* _Brief_: What you return should be only the lines in the entries below between the one holding "Unveiling The Lyrics: Exploring" and the one holding "This chair features", ends included, with every picture left out.

* _Data records_:
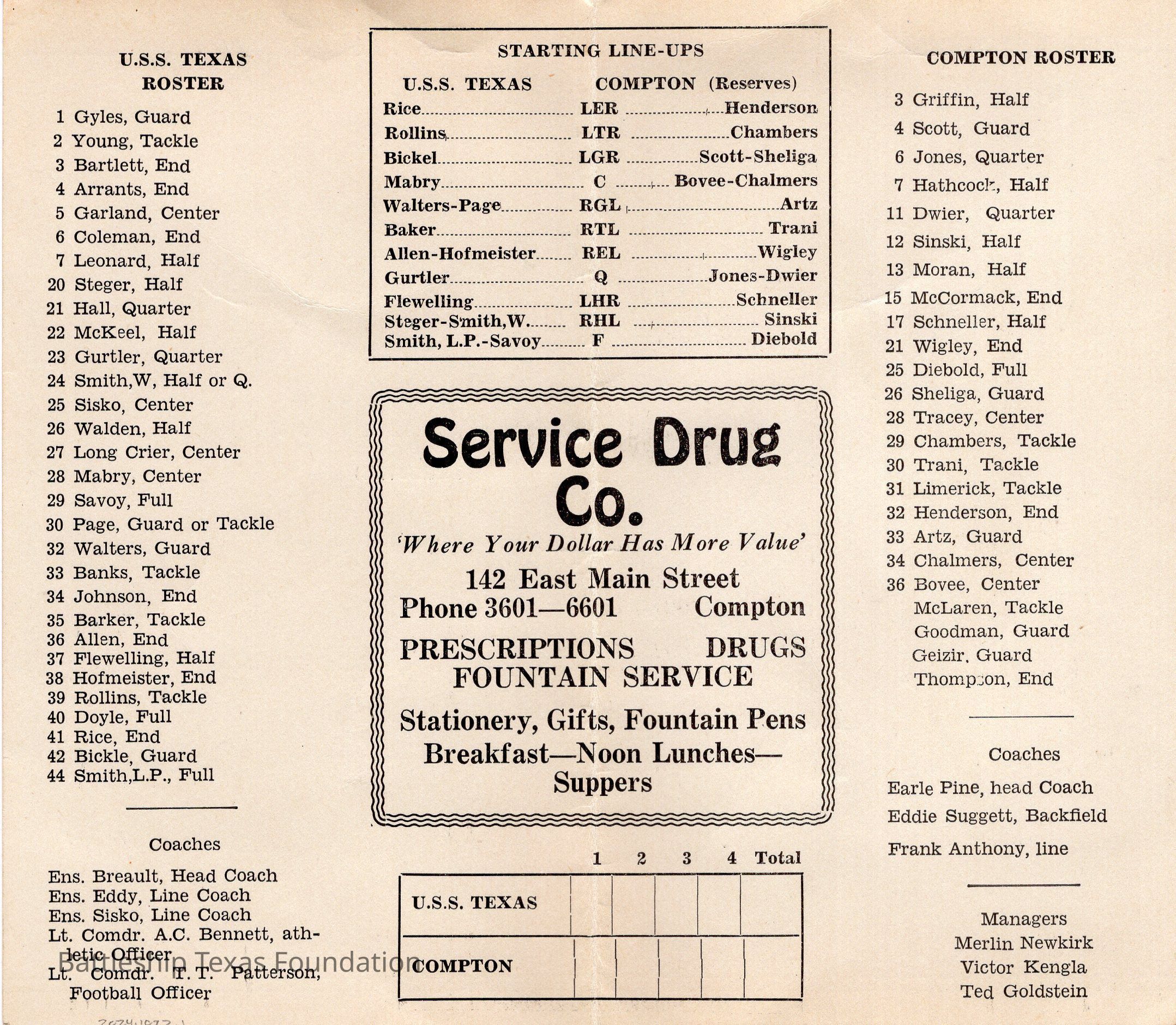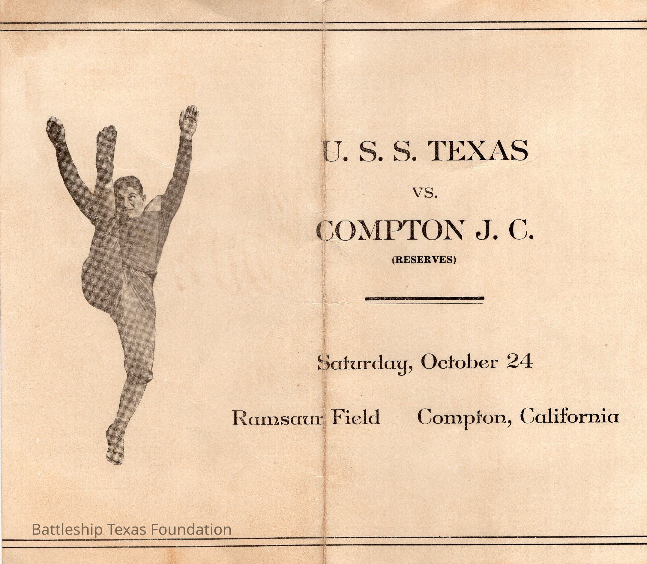 Game program for a football game between the crew of Texas and Compton Junior College. Game takes place on October 24 on Ramsaur Field in Compton, California. Program has a player doing a high kick from punting the ball on the left side of the front.Context
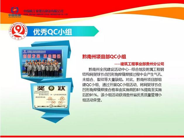黔南州全民建设活动中心--综合馆及附属工程钢结构网架球节点凹形角焊缝焊接过程中会产生气孔、未熔合、裂纹等大量缺陷。对此,黔南州项目部组建QC小组,通过开展QC小组活动,将网架球节点凹形角焊缝焊接合格率由实施前的81%提高至实施后的91%。该小组活动获得贵州省优秀质量管理小组活动荣誉。
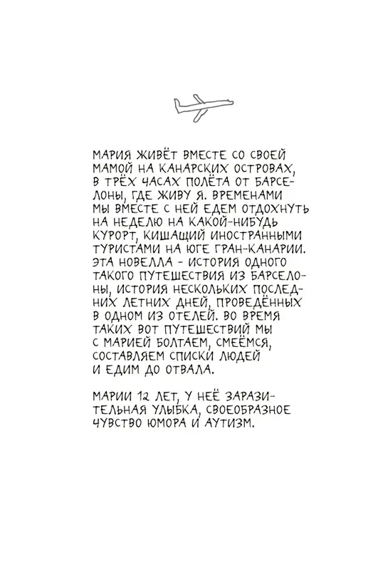 «Марія і я» — це автобіографічна мальована історія про канікули дванадцятирічної дівчинки Марії та її батька. У ній відтворено побутові випадки, з якими стикаються сотні сімей з дитиною-аутистом. Але насправді це ціла пригода, де доводиться долати труднощі через те, що світ навколо нас погано пристосований для таких, як Марія, і далеко не всі, кого вона зустрічає на своєму шляху, готові зрозуміти її.
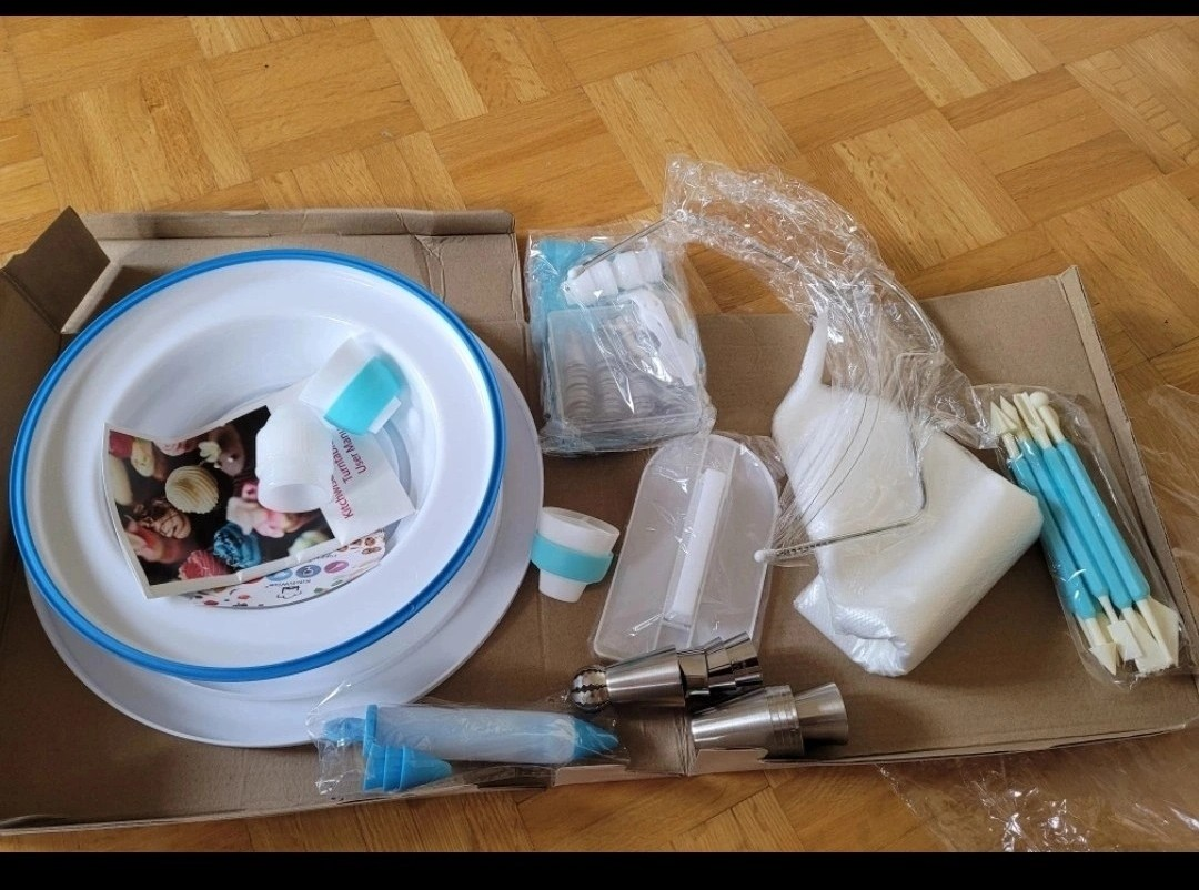 I'm selling a brand new Kitchenwise cake turntable decorating kit! It's a beautiful cake decorating kit for both beginners and pro decorators.
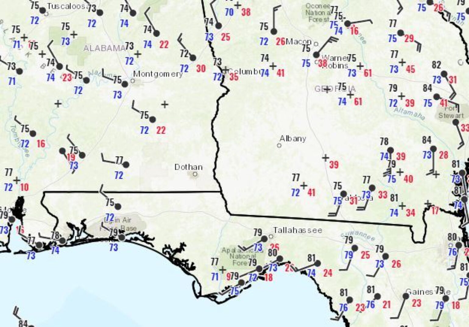 Much of the news coverage during landfall was in Panama City Beach, FL. However, the impact at this location was a picnic compared to what occurred just miles east and southeast down the coast where the eye of Michael made landfall. The heaviest damage appears to be in the towns of Callaway, Parker, Springfield, Mexico Beach, Port St. Joe and southeast Panama City, FL. This would suggest that the radius of maximum winds was relatively narrow at landfall (22 miles) and, thankfully, just inland from landfall, Michael tracked over a large sparsely populated area of mostly agricultural land and forest. However, that does not mean that some of the smaller towns or rural households did not see damage. For example, In Donaldsville, GA, which is 82 miles inland from Panama City, FL there was a recorded wind gust of 115 mph that still needs to be verified, but at least a 79 mph gust was reported . Blountstown, FL seems to have been hit particularly hard which is about 40 miles inland. The weather station in Albany, GA recorded a wind gust of 74 mph just before transmission failure occurred. In fact, to get an idea of where the worst of the damage might be, one just has to look at the lack of surface weather observations due to an absence of site reporting and power outages.
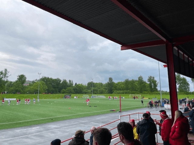 Unsurprisingly, it was Friday night party atmosphere at Albyn Park. After last weeks 4-1 away win in the first leg, you’d have expected a sizeable and expectant crowd to descent into the ground to cheer the team onto promotion. I’m unsure of what the official attendance was but it was a good few hundred anyway. Supporters younger, older but equally loyal all came to support their local team and was superb to see.
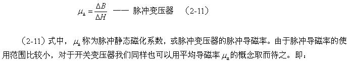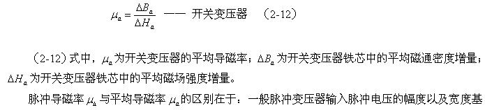 本上都是固定的,并且是單極性脈沖,其磁滯回線的面積相對(duì)來說很小,因此,鐵芯的脈沖導(dǎo)磁率幾乎可以看成是一個(gè)常數(shù);而開關(guān)變壓器輸入脈沖電壓的幅度以及寬度都不是固定的,其磁滯回線的面積相對(duì)來說變化比較大,鐵芯導(dǎo)磁率的變化范圍也很大,特別是雙激式開關(guān)變壓器,因此,只能用平均導(dǎo)磁率
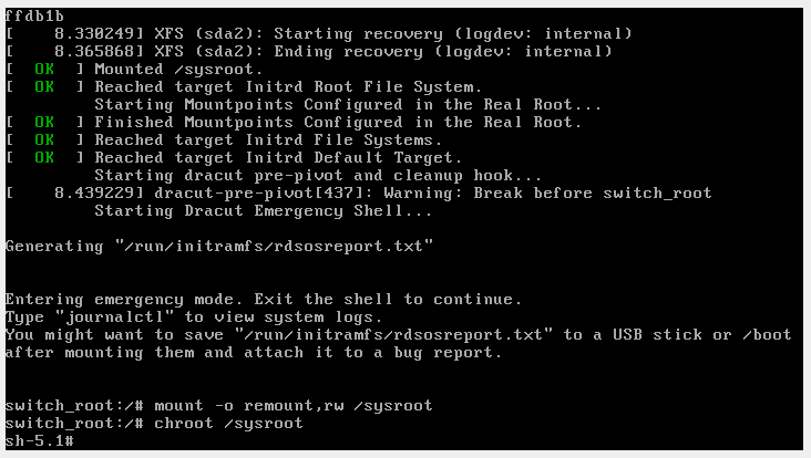 El sistema arrancará en un entorno de shell de emergencia, donde verás un
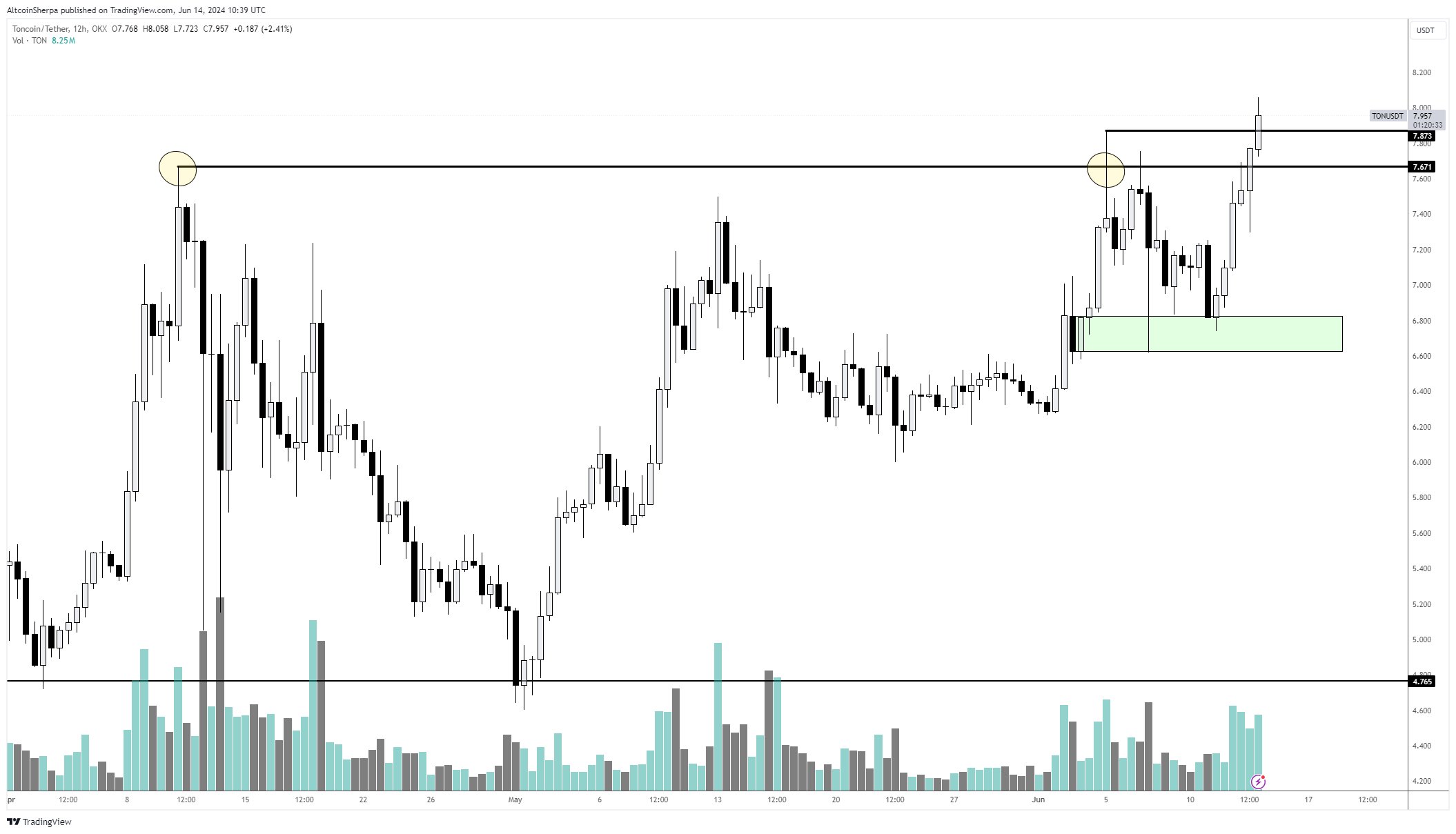 The trader pseudonymously known as Altcoin Sherpa tells his 217,300 followers on the social media platform X that the native token of layer-1 blockchain Toncoin (TON) is in a strong uptrend after hitting an all-time high (ATH) of $8.25 on June 14th.
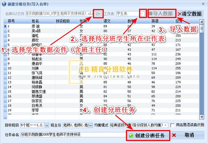 在分班任务创建界面,我们选择准备好的学生数据表文件(含班主任信息),选择学生名单所在工作表,如上步骤中图示中的工作表——“学生表”,点击“导入数据”按钮,系统将连同班主任信息一并导入分班软件中。
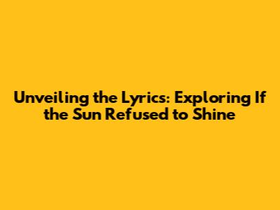 Unveiling The Lyrics: Exploring 'If The Sun Refused To Shine'
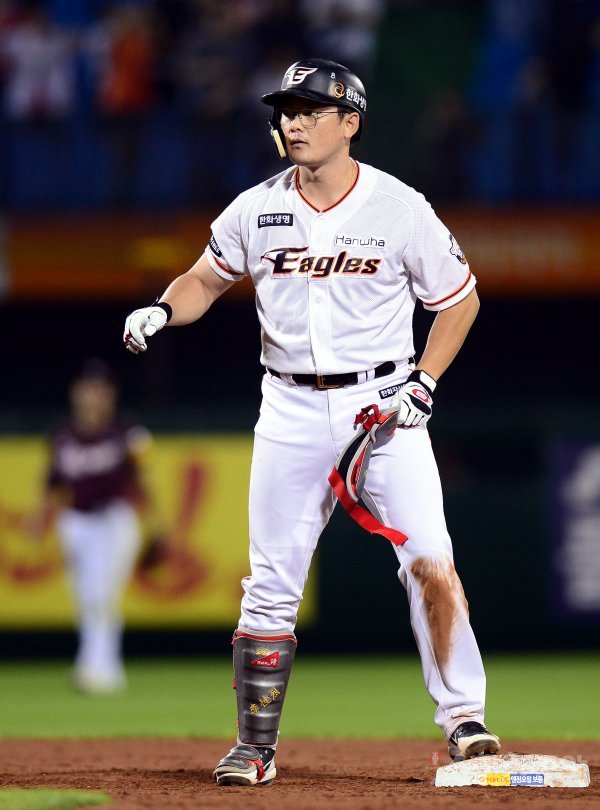 10일 대전 한화생명이글스파크에서 ‘2018 신한은행 마이카 KBO리그’ 한화 이글스와 넥센 히어로즈의 경기가 열렸다. 8회말 1사 2루에서 한화 이성열이 1타점 2루타를 날린 뒤 2루까지 진루하고 있다.
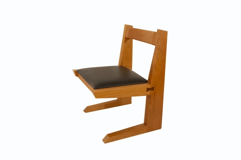 This chair features a cantilever design and leather seat. It is made out of white ash with leather accents.
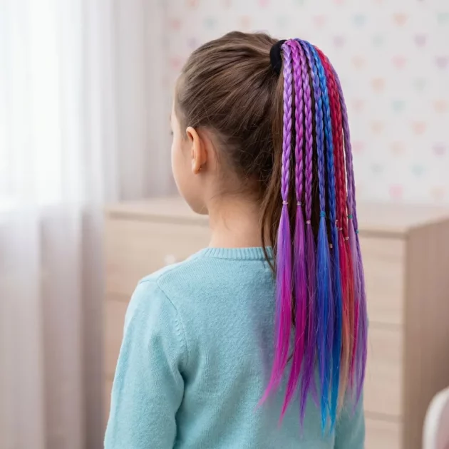 Disse små flettene reddet morgentravheten før skolen. Jeg drar én over hestehalen hennes, og den ser straks klar for fest ut uten ekstra innsats.
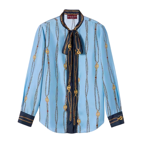 Body-conscious silhouettes, minimal lines, and athletic influences channel the bold energy of 1990s fashion, a main theme in the Cruise 2026 women's ready-to-wear collection. Crafted fro silk twill, this shirt is defined by an allover Gucci marina chain print.
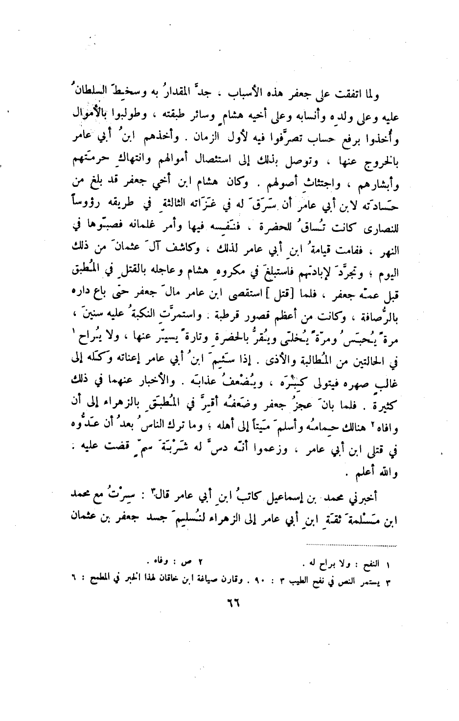 ولما اتفقت على جعفر هذه الأسباب، جد المقدار به وسخط السلطان عليه وعلى ولده وأنسابه وعلى أخيه هشام وسائر طبقته، وطولبوا بالأموال وأخذوا برفع حساب تصرفوا فيه لأول الزمان. وأخذهم ابن أبي عامر بالخروج عنها، وتوصل بذلك إلى استئصال أموالهم وانتهاك حرمتهم وأبشارهم، واجتثاث أصولهم. وكان هشام ابن أخي جعفر قد بلغ من حسادته لابن أبي عامر أن سرق له في غزاته الثالثة في طريقه رؤوساً للنصارى كانت تساق للحضرة، فنفسه فيها وأمر غلمانه فصبوها في النهر، فقامت قيامة ابن أبي عامر لذلك، وكاشف آل عثمان من ذلك اليوم؛ وتجرد لإبادتهم فاستبلغ في مكروه هشام عاجله بالقتل في المطبق قبل عمه جعفر، فلما [قتل] استقصى ابن عامر مال جعفر حتى باع داره بالرصافة، وكانت من أعظم قصور قرطبة. واستمرت النكبة عليه سنين، مرة يحبس ومرة يخلى ويقر بالحضرة وتارة يسير عنها، ولا يراح في الحالتين من المطالبة والأذى. إذا سئم ابن أبي عامر إعناته وكله إلى غالب صهره فيتولى كبره، ويضعف عذابه. والأخبار عنهما في ذلك كثيرة. فلما بان عجز جعفر وضعفه أقر في المطبق بالزهراء إلى أن وافاه هنالك حمامه وأسلم ميتاً إلى أهله؛ وما ترك الناس بعد أن عدوه في قتلى ابن أبي عامر، وزعموا أنه دس له شربة سم قضت عليه. والله أعلم.
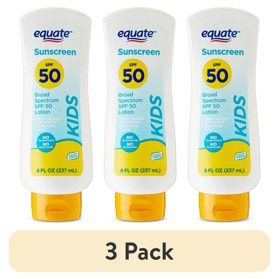 (3 pack) Equate Kids Broad Spectrum Sunscreen Lotion, SPF 50, 8 fl oz
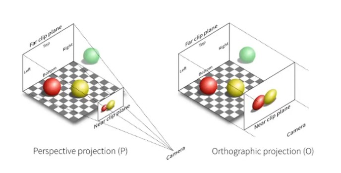摄像机的可视角度(FOV——field-of-view)以及宽高比(aspect ratio)决定了这个锥体的角度,以及最终投影到屏幕上的宽高比。
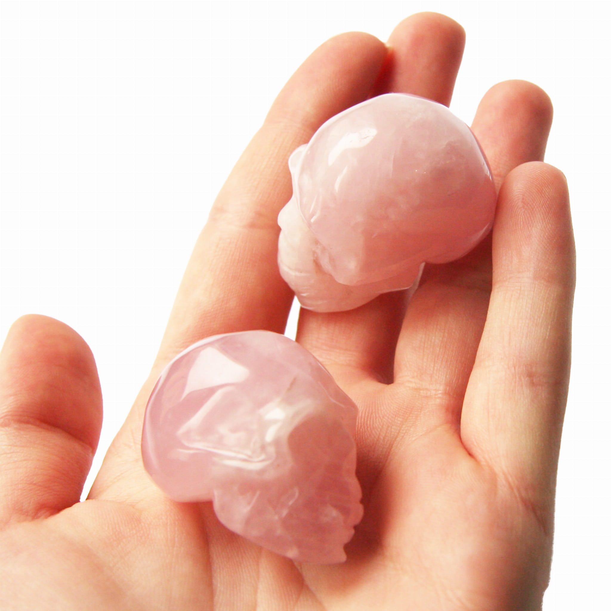Oferujemy figurki w kształcie czaszki, które zostały ręcznie wyrzeźbione z naturalnego kwarcu różowego. Każda czaszka mierzy około 40 mm i charakteryzuje się starannie wypolerowaną powierzchnią, eksponującą delikatne, różowe zabarwienie oraz subtelną, często mleczną przejrzystość tego kamienia. Ze względu na naturalną zmienność kwarcu różowego pod względem odcienia i wewnętrznej struktury, a także indywidualny charakter ręcznego rzeźbienia, każda figurka jest unikatowym egzemplarzem.

* _Reply_:
 Unveiling The Lyrics: Exploring 'If The Sun Refused To Shine'
 10일 대전 한화생명이글스파크에서 ‘2018 신한은행 마이카 KBO리그’ 한화 이글스와 넥센 히어로즈의 경기가 열렸다. 8회말 1사 2루에서 한화 이성열이 1타점 2루타를 날린 뒤 2루까지 진루하고 있다.
 This chair features a cantilever design and leather seat. It is made out of white ash with leather accents.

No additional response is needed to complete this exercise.